## WHAT THE TASK REQUIRES
In full and word for word, copy the listing; no pictures belong in the copy.

## DATA BELOW
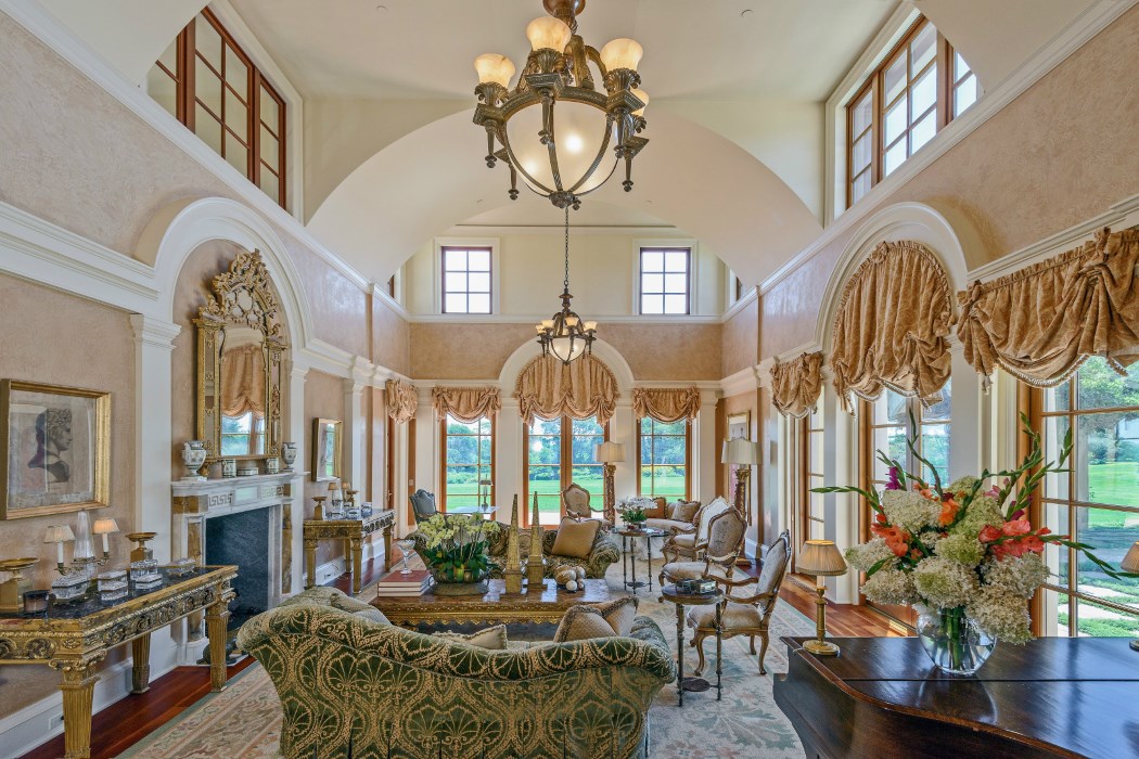 A marble fireplace anchors the grand living room.
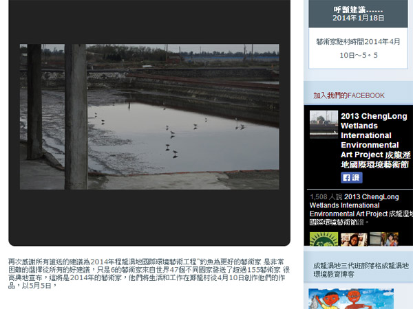 「成龍溼地國際環境藝術計畫」部落格(http://artproject4wetland.wordpress.com/)
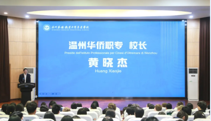 仪式上,温州华侨职专校长黄晓杰致欢迎辞。他代表全校师生对意大利师生表示热烈欢迎,回顾两校去年友好互访结下的深厚情谊,介绍学校69年侨特色办学底蕴与国际化育人成果。他表示,未来10天,意大利师生将沉浸式体验瓯塑、瓯菜、餐巾折花、中式茶艺、舞龙舞狮等非遗文化与特色技能,在交流互鉴中感受中国魅力、增进中意友谊。

## OUTPUT
 A marble fireplace anchors the grand living room.
 「成龍溼地國際環境藝術計畫」部落格(http://artproject4wetland.wordpress.com/)
 仪式上,温州华侨职专校长黄晓杰致欢迎辞。他代表全校师生对意大利师生表示热烈欢迎,回顾两校去年友好互访结下的深厚情谊,介绍学校69年侨特色办学底蕴与国际化育人成果。他表示,未来10天,意大利师生将沉浸式体验瓯塑、瓯菜、餐巾折花、中式茶艺、舞龙舞狮等非遗文化与特色技能,在交流互鉴中感受中国魅力、增进中意友谊。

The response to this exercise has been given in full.